There’s the pick ‘n’ mix of modern tropes, like regenerating health, plant-able turrets and toys, and the encouragement to combine weapon effects, straight out of BioShock. These ingredients merge pleasingly into what looks to be a fast-moving, on-the-fly tactical shooting experience with its tactile core set firmly in id’s strengths.

But then there’s the ambitious stuff. Some of it is the result of id tackling non-linear narrative for the first time. While RPG developers have had an alternative form of doing this worked out for many years – one which RAGE does tap into, having civilians about town comment on your past feats – id’s latest is attempting approaches to environmental storytelling which better complement the developer’s strengths.

Seeing is believing

In a showcase mission dubbed ‘The Well’, an engineer named Carlson explains that bandits have invaded the well and started ransacking the place. There are no dialogue trees in RAGE, however, so the follow-up question – “What happened to the rest of your team?” – is never asked. It’s only when we’re deep inside the well complex that we discover the pile of naked, tangled bodies which now comprises its workforce.

This sort of visual storytelling is really the only language id has ever known. I’d be surprised if we find more than a few in-game words describing the cultural differences between the bandit clans in RAGE’s wasteland. But the broad strokes – visual distinguishers like Union Flag body paint and differing AI characteristics between groups – promise to reveal far more, far more intuitively.

Elsewhere, RAGE has a sideline in sprawling urban horror. Dead City is an enormous, devastated cityscape with news trucks half-buried in white sand in its streets, patrolled by an equally gigantic mutant. Taking direct inspiration from Godzilla, its buildings are filled with huge, sticky eggs, malevolence literally dripping down the walls in the form of a horrible black ichor.

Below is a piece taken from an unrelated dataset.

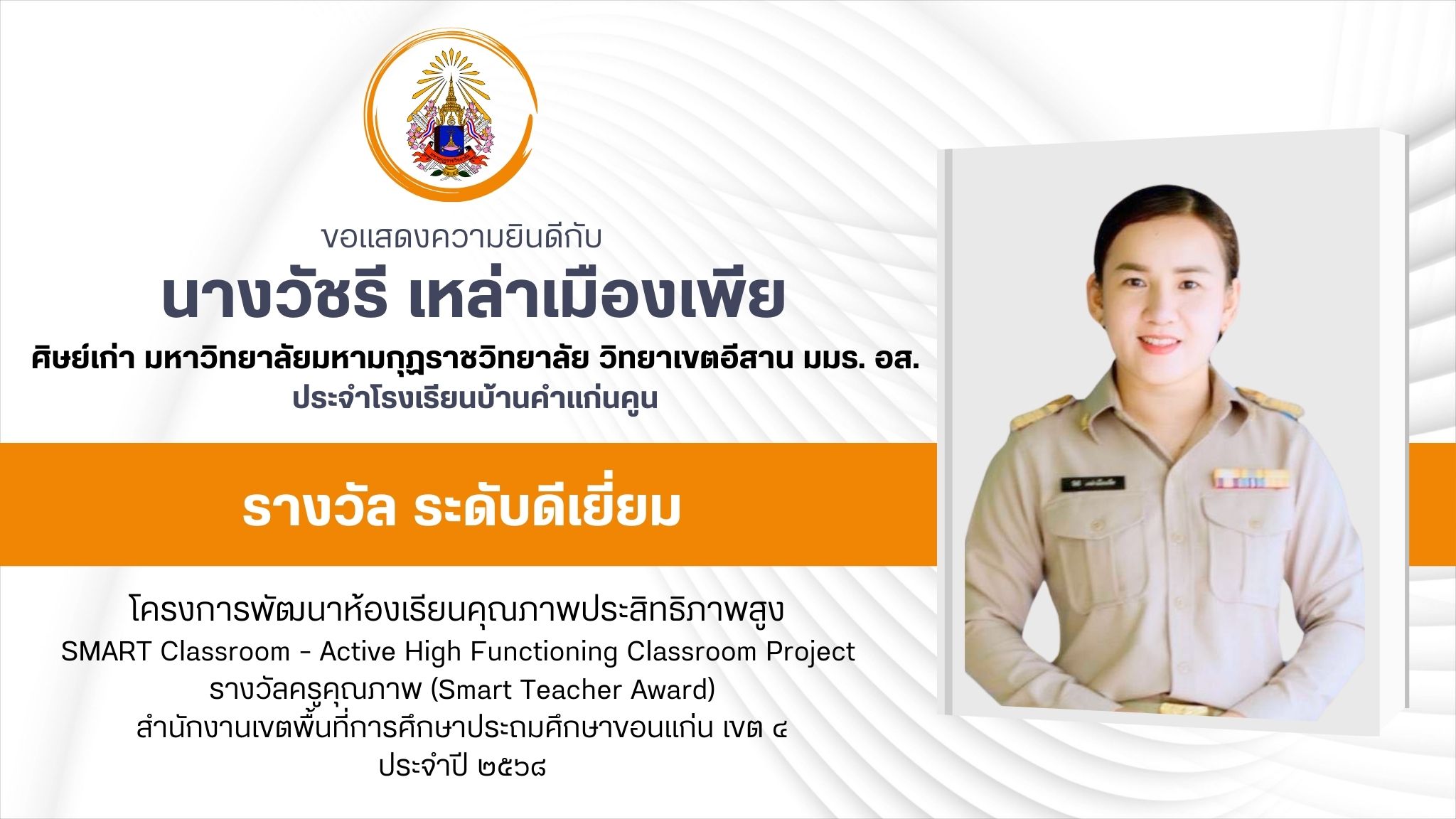 ขอแสดงความยินดีกับ นางวัชรี เหล่าเมืองเพีย ศิษย์เก่า มหาวิทยาลัยมหามกุฏราชวิทยาลัย วิทยาเขตอีสาน มมร. อส. ประจำโรงเรียนบ้านคำแก่นคูน รางวัลระดับดีเยี่ยม…

Pushing in another direction entirely is the vehicular combat and canyon racing, which seemingly plays like a persistent-world Motorstorm. These sections turn RAGE’s US national park backdrop into a playground of ramps and hairpin bends, and are, according to project lead Tim Willits, “critical” to the game as a whole. It’s the most unexpected turn in design in id’s history since Doom RPG, and the loudest example of their desire to leave the safety of the linear twitch FPS behind and really test both their team and their audience.

In all of the glimpses of RAGE we’ve been offered so far, we’ve been looking deep into the entrails of id’s FPS. Whether they resemble the future or simply intestines stuck to the wall remains to be seen, but the mess will certainly be incredible to see.

RAGE will be released by id Software and Bethesda, for Xbox 360, PlayStation 3 and PC, in October 2011.